The police promptly got in touch with her brother, telling him that she was talking to bad people abroad. They said they would apprehend her that day.


Daily Calls from the Police

Zhumatai says the police have called almost every day since then to threaten her. She says she lies awake at night, her heart racing.

Officials with the city administration also check in with her and her sister. They say she should stop talking about compensation for the Kazakh herders. But she isn’t stopping. She records audio messages in Uyghur and Chinese in which she calls on the authorities to ensure "that Kazakh herders and all other peoples living here can build a just and peaceful life."

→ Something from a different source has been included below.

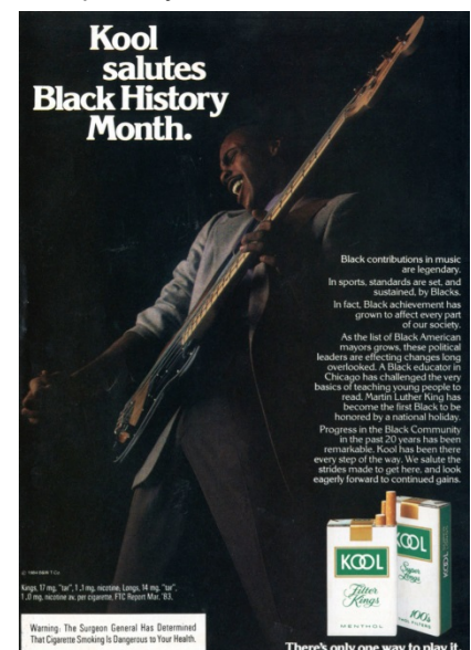
Kool advertisement, 1984

Industry documents reveal that as early as the 1950s, the tobacco industry has made concerted efforts to forge ties with the African American community in an effort to build a positive brand identity. Since the 1950s, Phillip Morris and Brown & Williamson have been engaged with the National Urban League, the National Association for the Advancement of Colored People (NAACP), and the United Negro College Fund, and have provided funding and organizational support to a laundry list of African American organizations. 30 In addition, the tobacco

One day after her telephone interview with DER SPIEGEL, she received a message from the Kazakh Embassy in Beijing saying they want to help her leave the country. It's the kind of support that the vast majority of the more than 11 million Uyghurs in the region are not receiving. For them, there is no state that can take care of them or apply pressure on Beijing.

When the invitation letter and visa confirmation from the Kazakh Embassy finally arrived at the Xinjiang immigration office, the documents were full of errors. Her name was misspelled and one of the numerals in her ID number was reversed.

A second invitation arrived three days later, and this time everything is correct. The Chinese authorities are now demanding a copy of her ID card, passport photos, a completed application form, her household registration, several signatures and stamps from different authorities.

On January 18, Zhumatai finally ventured out of her home to apply for her passport. For security reasons, she filmed herself as she visited the authorities. The Kazakh activist in the U.S. later posted the video. In it, Zhumatai can be seen climbing the steps of a mighty administrative building in bone-chillingly cold Ürümqi. There are no police waiting to arrest her.

She will find out in mid-February whether she will receive a passport. And whether she will finally be able to leave for Kazakhstan. Or whether she has to stay in Xinjiang.

Zhumatai sends an audio message. There's a little noise in the background, but her voice can still be heard clearly. She says in Uyghur: "I'm a human being, I have a soul. I want to live."